2.8. Statistical Analysis
All data were analyzed by one-way analysis of variance using SPSS version 20.0 for Windows (SPSS, Inc., Chicago, IL, USA). The replicate was considered as an experimental unit (n = 10). Using Tukey’s honest significant difference test, the significant differences between mean values were analyzed. Pooled SEs were identified for all the analyses, and the level of significance was set at p < 0.05.
3. Results
3.1. Growth Performance
The effects of dietary GHBP on broilers’ growth performance are listed in Table 4. BW and BWG were increased (p < 0.05) in all GHBP-supplied groups during the starter period; however, compared to all treated groups, the group supplied with GHBP at 200 and 300 μg/kg decreased FI (p < 0.05). FCR was improved (p < 0.05) in all GHBP-supplied groups, with the highest significant level detected in the group supplied with 200 μg/kg. During the grower period, BW was elevated (p < 0.05) and FCR was decreased (p < 0.05) in all GHBP-supplied groups, with the highest significant level reported at the level of 200 μg/kg; however, the FI showed an increase (p < 0.05) at the level of 200 μg/kg in comparison to other experimental groups. The BWG was enhanced (p < 0.05) in the group supplied with 200 and 300 μg GHBP/kg. During the finisher and the overall performance periods, BW and BWG were elevated (p < 0.05) and FCR was decreased (p < 0.05) in all GHBP supplied groups, with the highest significant level reported at the level of 200 μg/kg. The FI did not show a significant change during the finisher and for the overall period.
Table 4.
Effect of GHBP on the growth performance of broiler chickens.
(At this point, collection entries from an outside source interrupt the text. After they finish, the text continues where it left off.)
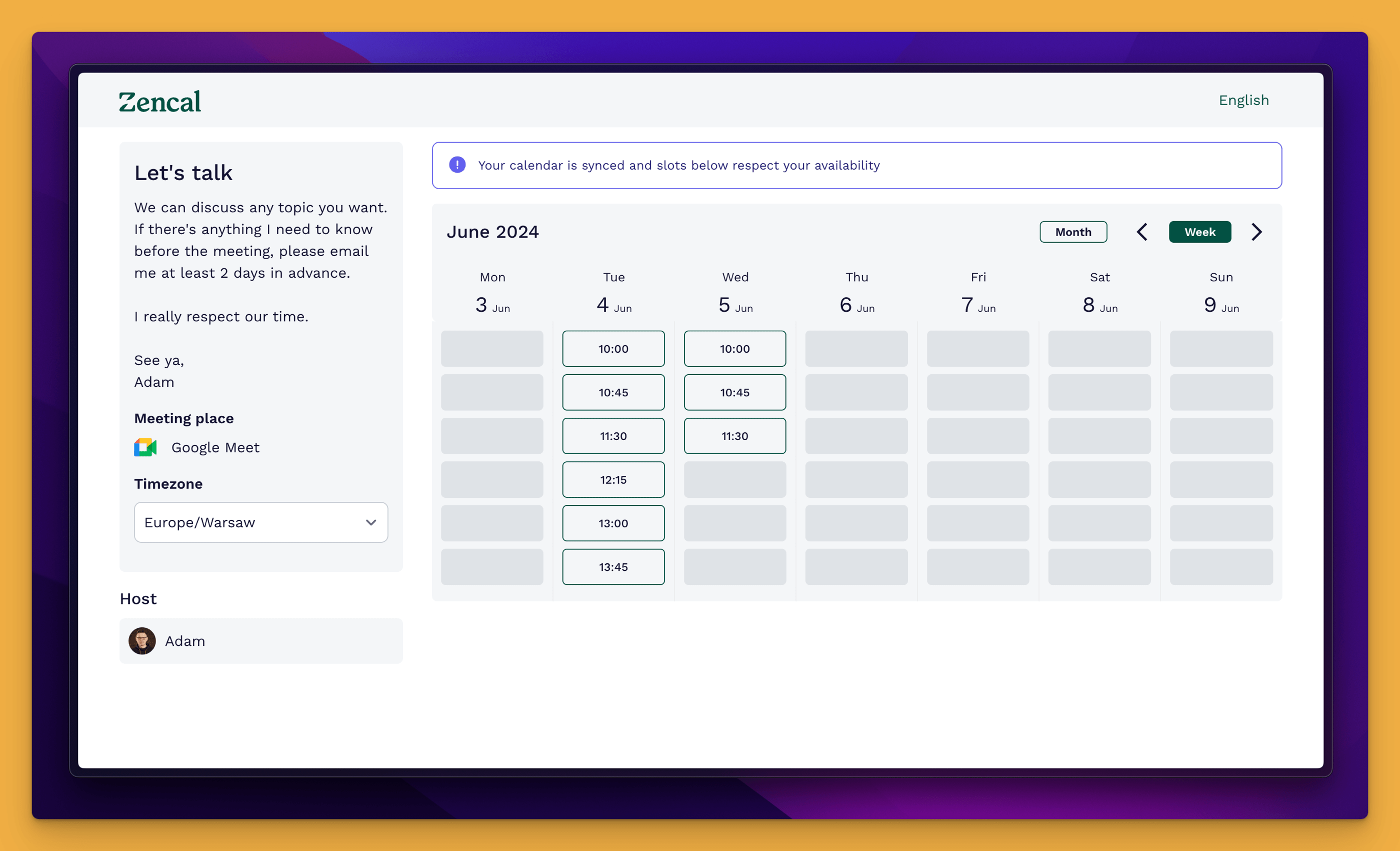 You can book a slot in my calendar through Zencal. These pre-set time blocks automatically disappear when a meeting is scheduled or another entry, like a trip, appears in my calendar.
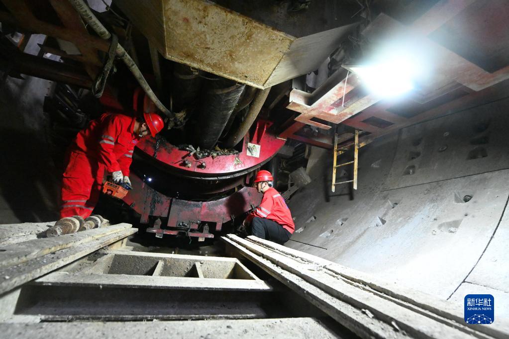 1月29日,施工人員在福州地鐵4號線(xiàn)金牛山站至洪塘站區間的下穿閩江底隧道內施工作業(yè)。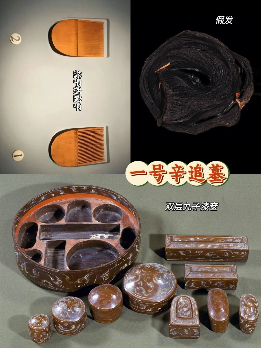 这里还出土了许多漆器,有一化妆盒,能容纳九件小物,像梳子、粉扑、粉刷、香粉、胭脂都不在话下。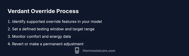 Verdant thermostat override refers to a temporary adjustment to the thermostat's logic that changes when and how it triggers heating or cooling, without permanently rewriting schedules. This lets you test alternate comfort windows or energy-saving regimes for a limited period, such as a workweek or a heatwave. According to Thermostat Care, this approach is most effective when you clearly define a start and end time, a target temperature range, and a plan to revert. It is not a substitute for proper system maintenance, and should be avoided in homes with medical equipment or extreme climate exposure. In practice, you set an override, monitor its effect on comfort and usage, and record the results for future decision-making.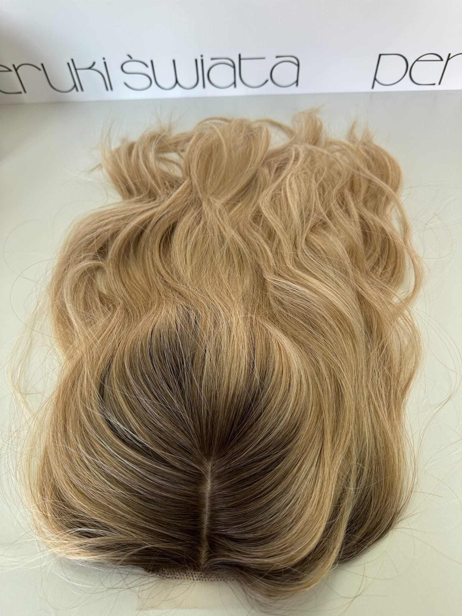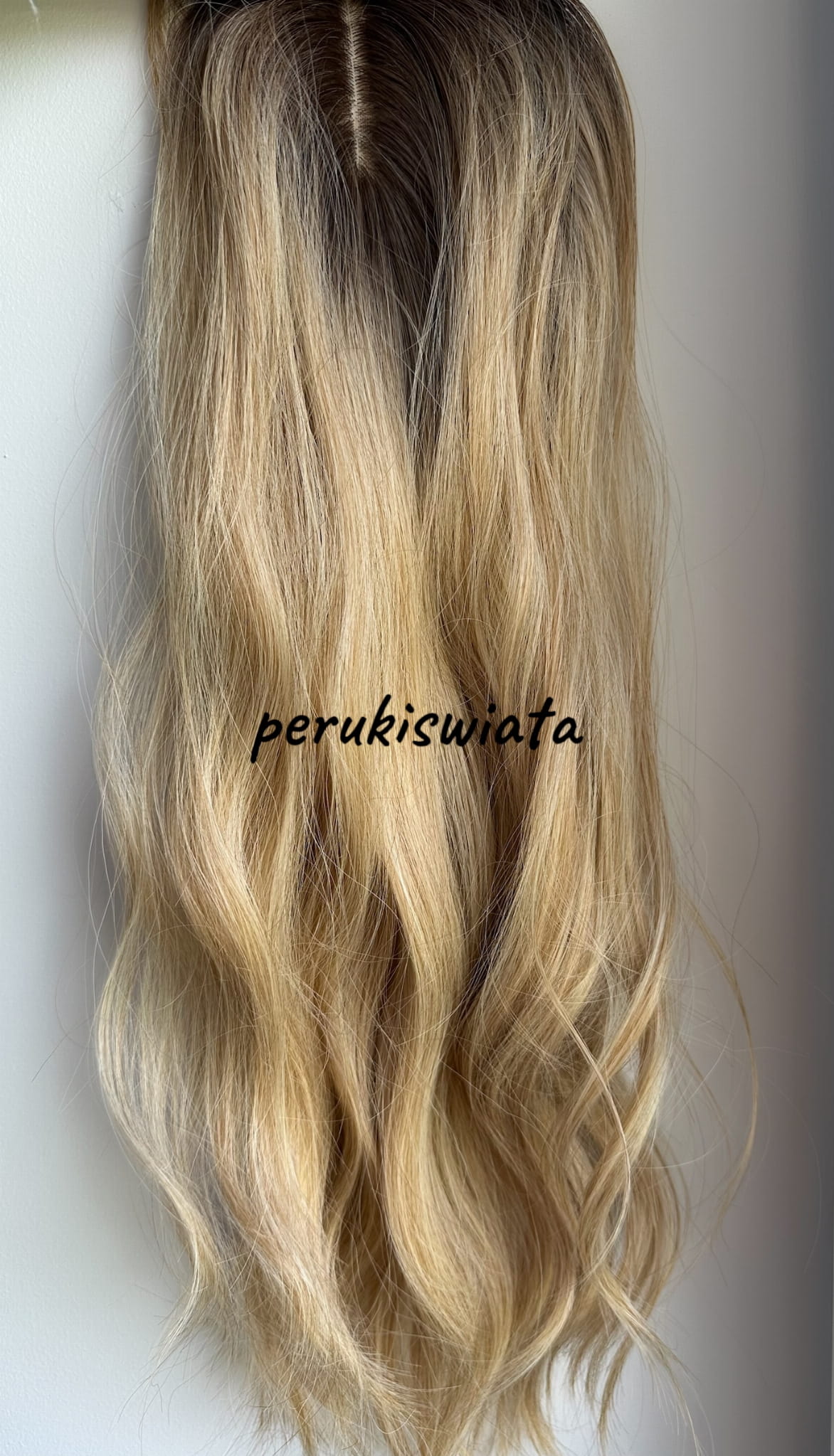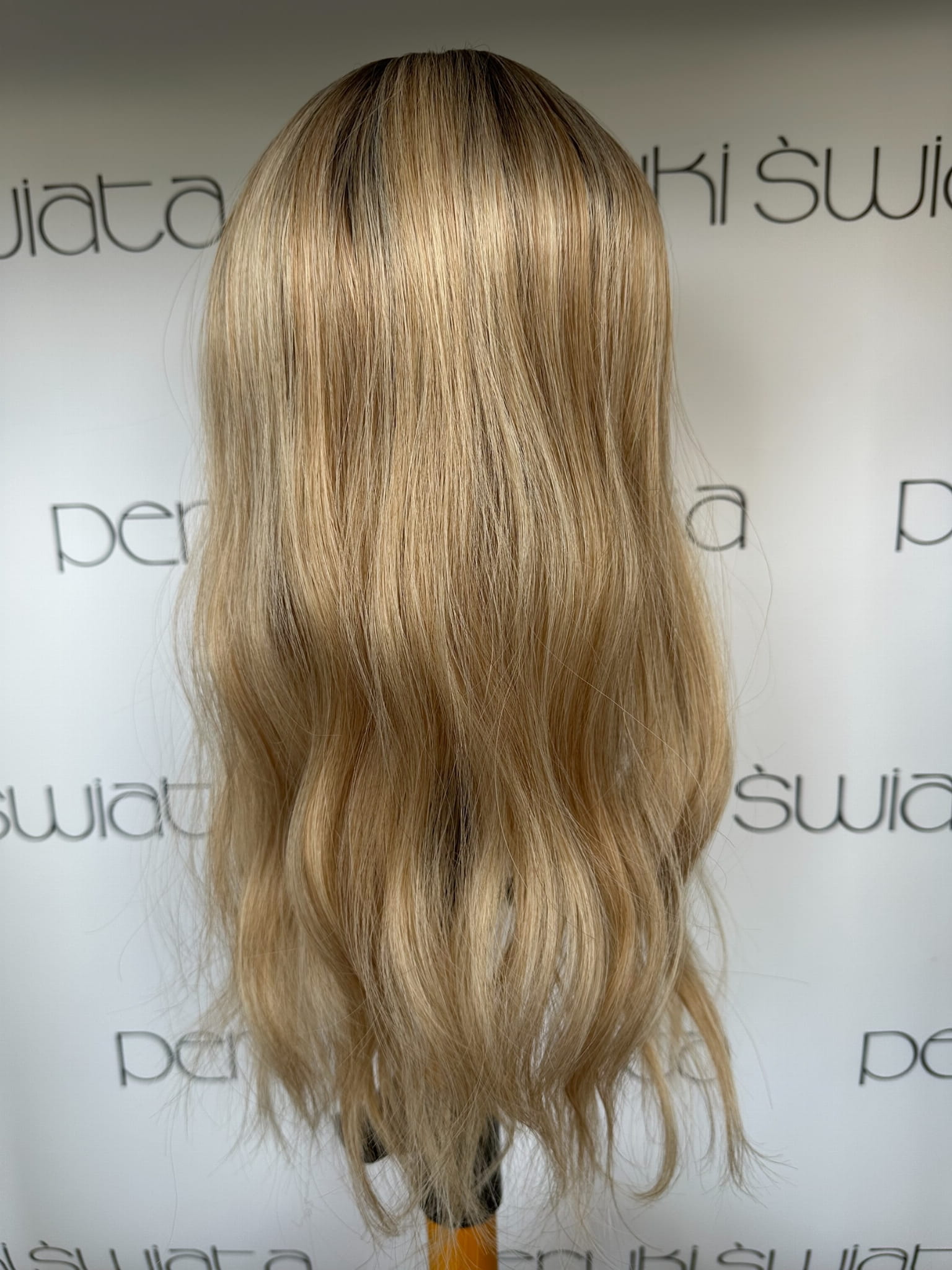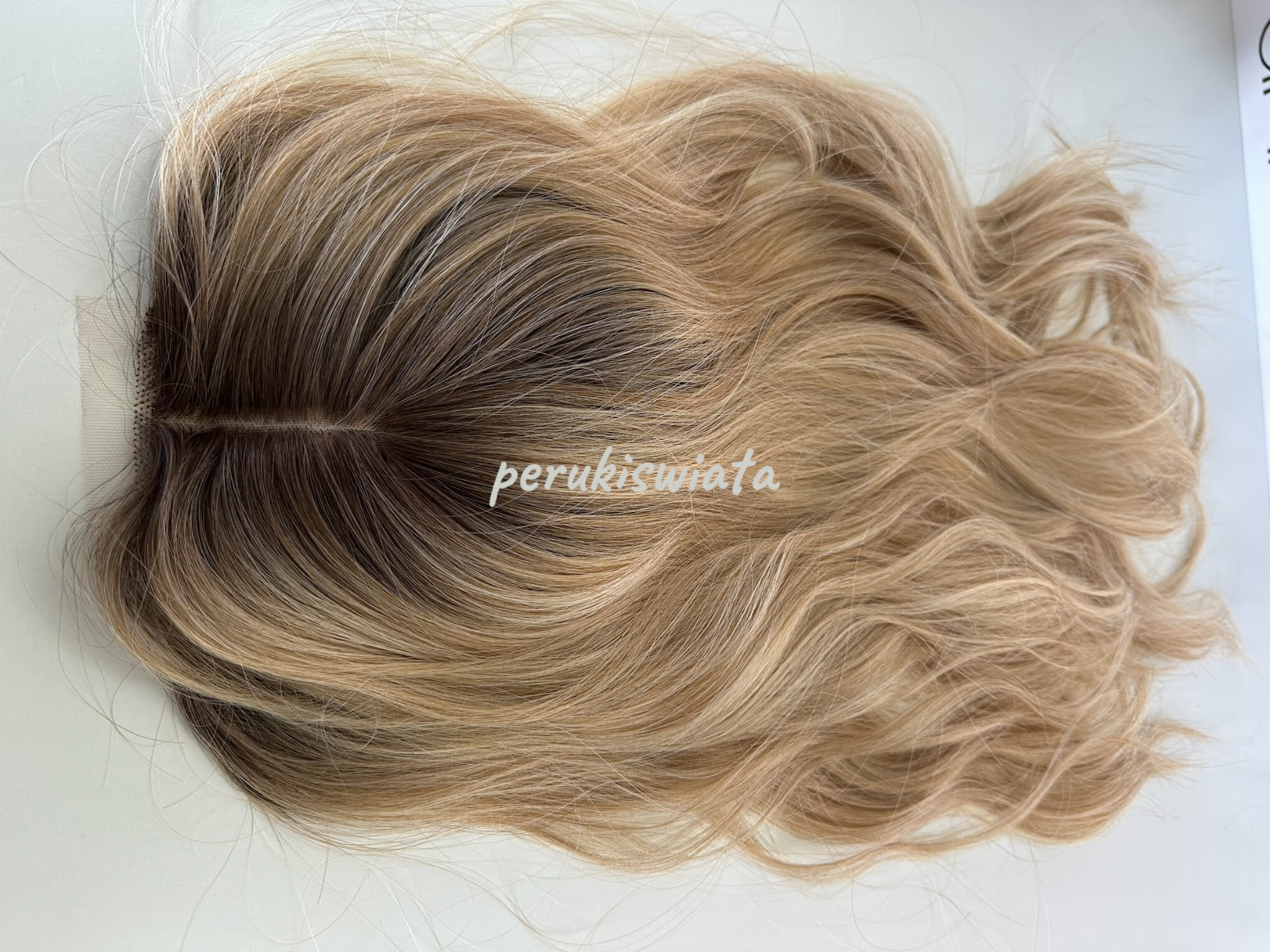 Model Lisa, peruka syntetyczna, monotop, kanekalon, fale, kolor: ciepły słowiański blond na odroście

| Parameter | Control | GHBP100 | GHBP200 | GHBP300 | SEM | p-Value |
|---|---|---|---|---|---|---|
| Starter (1–10 days) | ||||||
| BW, g | 328 b | 335 a | 339 a | 336 a | 5.64 | <0.001 |
| BWG, g | 283 b | 290 a | 295 a | 292 a | <0.001 | 0.01 |
| FI, g | 361 a | 361 a | 346 c | 353 b | 4.38 | 0.03 |
| FCR | 1.28 a | 1.23 b | 1.17 c | 1.21 b | 6.98 | 0.02 |
| Grower (11–22 days) | ||||||
| BW, g | 1216 d | 1240 c | 1281 a | 1269 b | 33.46 | 0.02 |
| BWG, g | 888 b | 905 b | 942 a | 933 a | 28.47 | <0.001 |
| FI, g | 1606 d | 1570 c | 1501 a | 1538 b | 45.31 | 0.03 |
| FCR | 1.81 a | 1.74 b | 1.59 d | 1.65 c | <0.001 | <0.001 |
| Finisher (23–38 days) | ||||||
| BW, g | 2321 d | 2456 c | 2714 a | 2576 b | 43.18 | <0.001 |
| BWG, g | 1105 d | 1216 c | 1433 a | 1307 b | 34.44 | <0.001 |
| FI, g | 2309 | 2321 | 2433 | 2380 | 39.18 | 0.30 |
| FCR | 2.09 a | 1.91 b | 1.70 c | 1.82 b | 0.03 | <0.001 |
| Overall performance (1–38 days) | ||||||
| BW, g | 2321 d | 2456 c | 2714 a | 2576 b | 43.18 | <0.001 |
| BWG, g | 2276 d | 2411 c | 2670 a | 2532 b | 55.65 | <0.001 |
| FI, g | 4276 | 4248 | 4280 | 4271 | 46.18 | 0.964 |
| FCR | 1.88 a | 1.76 b | 1.60 d | 1.69c | <0.001 | <0.001 |
a,b,c,d Means with different superscripts within the same row differ significantly (p < 0.05). GHBP: growth hormone-boosting peptide; BW: Body weight; BWG: Body weight gain; FI: Feed intake; FCR: Feed conversion ratio. Control: basal diet without GHBP; GHBP100: basal diet plus GHBP at a level of 100 μg/kg; GHBP200: basal diet plus GHBP at a level of 200 μg/kg; GHBP300: basal diet plus GHBP at a level of 300 μg /kg diet.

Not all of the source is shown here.